2
votes

I want to move some of my Azure SQL tables to Table storage. As far as I understand, I can save everything in the same table, seperating it using PartitionKey and keeping it unique within each partition using Rowkey. Now, I have a table with a compound key:

  • ParentId: (uniqueidentifier)
  • ReportTime: (datetime)

I also understand RowKeys have to be strings. Will I need to combine these in a single string? Or can I combine multiple keys some other way? Do I need to make a new key perhaps?

Any help is appreciated.

UPDATE

My idea is to put data from several (three for now) database tables and put in the same storage table seperating them with the partition key.

I will query using the ParentId and a WeekNumber (another column). This table has about 1 million rows that's deleted weekly from the db. My two other tables has about 6 million and 3.5 million

2

2 Answers

3
votes

This question is pretty broad and there is no right answer.

The specific question - can you use Compound Keys with Azure Table Storage. Yes, you can do that. But this involves manual Serializing / Deserializing of your object's properties. You can achieve that by overriding the TableEntity's ReadEntity and WriteEntity methods. Check this detailed blog post on how can you override these methods to use your own custom serialization/deserialization.
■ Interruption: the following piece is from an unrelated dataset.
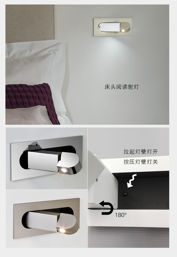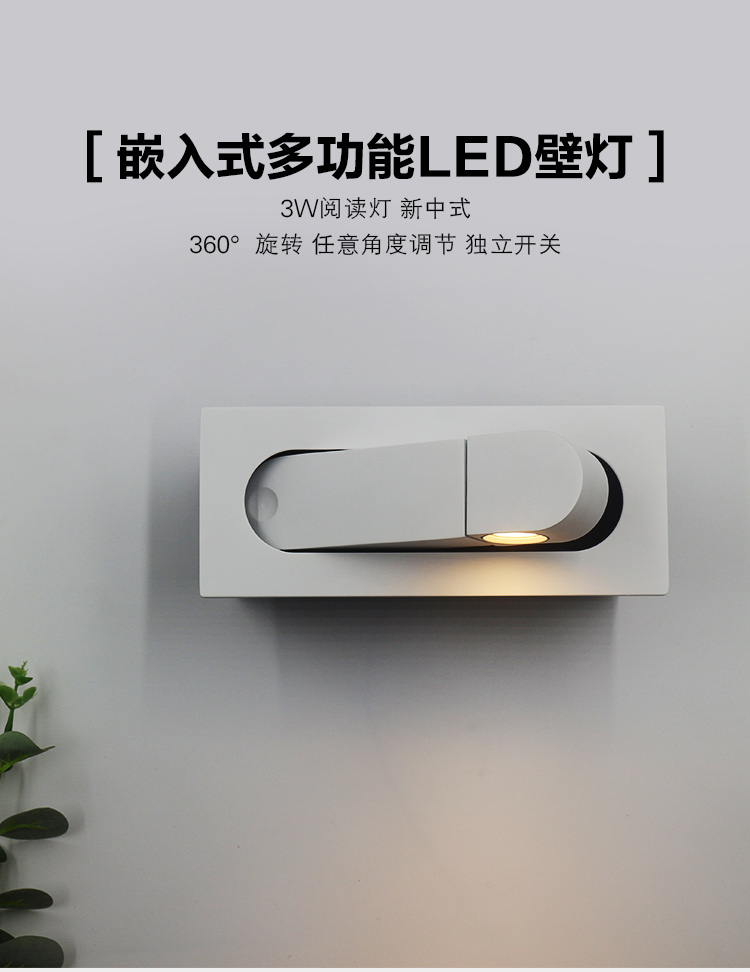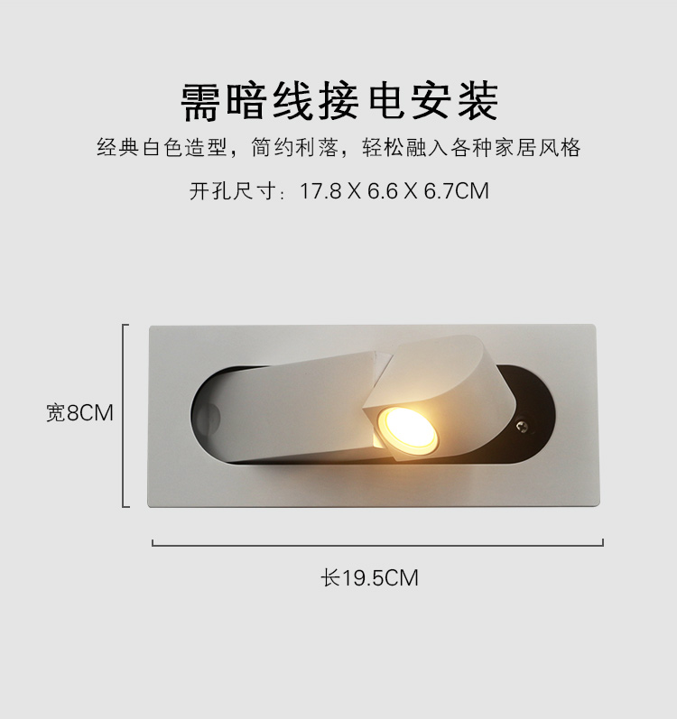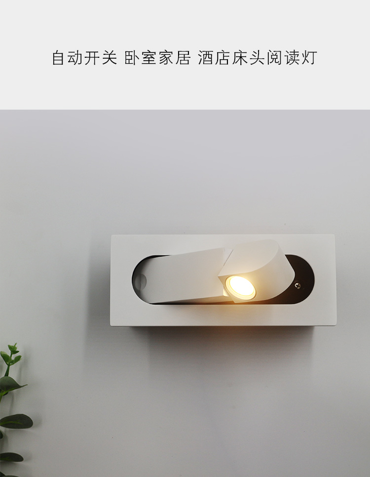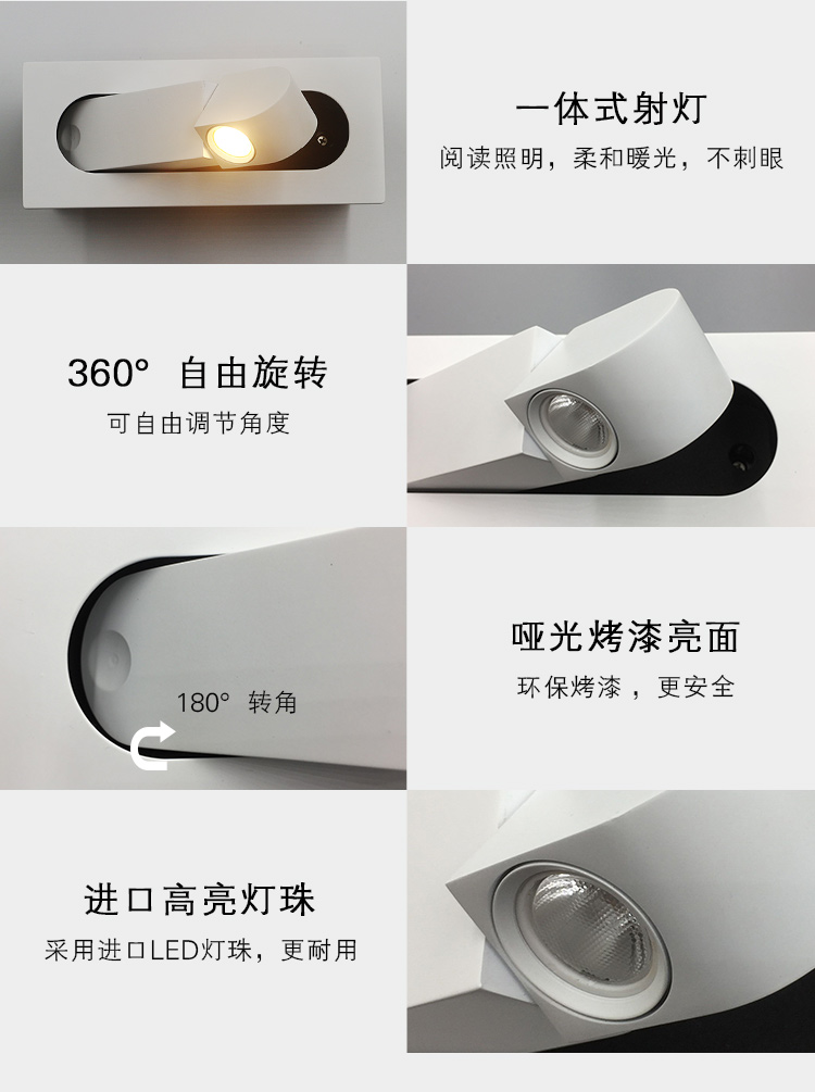 创意酒店卧室床头手机USB充电LED阅读小壁灯带开关方形3W聚光射灯
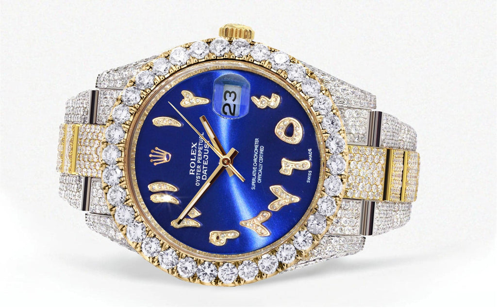 Diamond Iced Out Rolex Datejust 41 | 25 Carats Of Diamonds | Custom Blue Arabic Numeral Diamond Dial | Two Row | Oyster Band

I will further discuss my view on your more broader question.

First of all, why you want to put data from 3 (SQL) tables into one (Azure Table)? Just have 3 Azure tables.
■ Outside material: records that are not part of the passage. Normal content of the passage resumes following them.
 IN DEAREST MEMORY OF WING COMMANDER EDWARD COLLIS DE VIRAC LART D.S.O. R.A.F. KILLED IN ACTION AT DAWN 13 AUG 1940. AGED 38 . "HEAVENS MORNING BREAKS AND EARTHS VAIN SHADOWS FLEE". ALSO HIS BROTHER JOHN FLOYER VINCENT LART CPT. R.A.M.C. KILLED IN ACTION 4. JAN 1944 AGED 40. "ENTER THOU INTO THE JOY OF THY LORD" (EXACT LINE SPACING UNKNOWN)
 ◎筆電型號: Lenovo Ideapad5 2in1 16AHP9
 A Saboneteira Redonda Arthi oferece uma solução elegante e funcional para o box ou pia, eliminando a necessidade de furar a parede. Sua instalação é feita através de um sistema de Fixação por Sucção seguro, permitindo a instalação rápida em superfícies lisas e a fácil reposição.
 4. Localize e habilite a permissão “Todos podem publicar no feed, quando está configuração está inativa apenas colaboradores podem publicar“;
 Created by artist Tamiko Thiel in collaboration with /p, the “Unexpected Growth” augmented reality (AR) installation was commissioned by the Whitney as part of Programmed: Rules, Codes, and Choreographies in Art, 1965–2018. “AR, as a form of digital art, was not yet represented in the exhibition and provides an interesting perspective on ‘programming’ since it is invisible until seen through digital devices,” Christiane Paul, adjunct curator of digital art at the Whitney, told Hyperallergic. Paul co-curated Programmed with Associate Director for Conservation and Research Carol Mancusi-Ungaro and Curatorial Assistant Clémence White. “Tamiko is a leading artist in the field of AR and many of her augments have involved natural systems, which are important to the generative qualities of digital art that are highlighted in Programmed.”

Second thought, as Fabrizio points out is how are you going to query the records. Because Windows Azure Table service has only one index, and that is PartitionKey + RowKey properties (columns). If you are pretty sure you will mostly query data by known PartitionKey and RowKey, then Azure Tables is perfectly suiting you! However you say that your combination for RowKey is ParentId + WeekNumber! That means that a record is uniquely identified by this combination! If it is true, then you are even more ready to go.

Next you say you are going to delete records every week! You should know that DELETE operation acts on a single entity. You can use Entity Group Transactions to DELETE multiple entities at once, but there is a limit of (a) All entities in batch operation must have the same PartitionKey, (b) The maximum number of entities per batch is 100, and (c) The maximum size of batch operation is 4MB. Say you have 1M records like you say. In order to delete them, you have to first retrieve them in groups by 100, then delete in groups by 100. These are, in best possible case 10k operations on retrieval and 10k operations on deletion. Event if it will only cost 0.002 USD, think about time taken to execute 10k operations against a REST API.
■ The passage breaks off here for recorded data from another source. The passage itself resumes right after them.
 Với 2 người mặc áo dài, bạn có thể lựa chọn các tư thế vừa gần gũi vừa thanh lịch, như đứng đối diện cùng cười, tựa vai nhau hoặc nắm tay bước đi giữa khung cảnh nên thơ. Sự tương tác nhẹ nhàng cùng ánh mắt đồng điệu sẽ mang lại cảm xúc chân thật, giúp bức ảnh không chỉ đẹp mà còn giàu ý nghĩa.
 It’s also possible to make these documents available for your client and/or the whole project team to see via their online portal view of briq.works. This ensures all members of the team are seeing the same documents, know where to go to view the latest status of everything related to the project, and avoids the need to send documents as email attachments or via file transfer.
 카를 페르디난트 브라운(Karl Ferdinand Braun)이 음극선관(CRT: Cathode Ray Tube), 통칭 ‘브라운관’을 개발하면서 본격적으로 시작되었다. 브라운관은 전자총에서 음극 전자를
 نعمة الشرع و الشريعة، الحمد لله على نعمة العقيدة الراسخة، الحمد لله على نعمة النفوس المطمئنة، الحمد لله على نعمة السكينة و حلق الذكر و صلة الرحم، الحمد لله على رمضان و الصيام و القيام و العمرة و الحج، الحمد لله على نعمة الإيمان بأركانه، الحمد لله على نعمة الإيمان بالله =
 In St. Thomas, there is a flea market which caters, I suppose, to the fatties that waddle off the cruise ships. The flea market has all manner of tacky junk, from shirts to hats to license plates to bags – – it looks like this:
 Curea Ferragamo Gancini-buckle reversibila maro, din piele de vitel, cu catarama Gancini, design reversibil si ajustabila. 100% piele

Since you have to delete entities on a regular basis, which is fixed to a WeekNumber let's say, I can suggest that you dynamically create your tables and include the week number in its name. Thus you will achieve:

  • Even better partitioning of information
  • Easier and more granular information backup / delete
  • Deleting millions of entities requires just one operation - delete table.
1
votes

There is not an unique solution for your problem. Yes, you can use ParentID as PartitionKey and ReportTime as Rowkey (or invert the assignment). But the big 2 main questions re: how do you query your data, with what conditions? and how many data do you store? 1000, 1 million items, 1000 millions items? The total storage usage is important. But it's also very important to consider the number of transaction you will generate to the storage.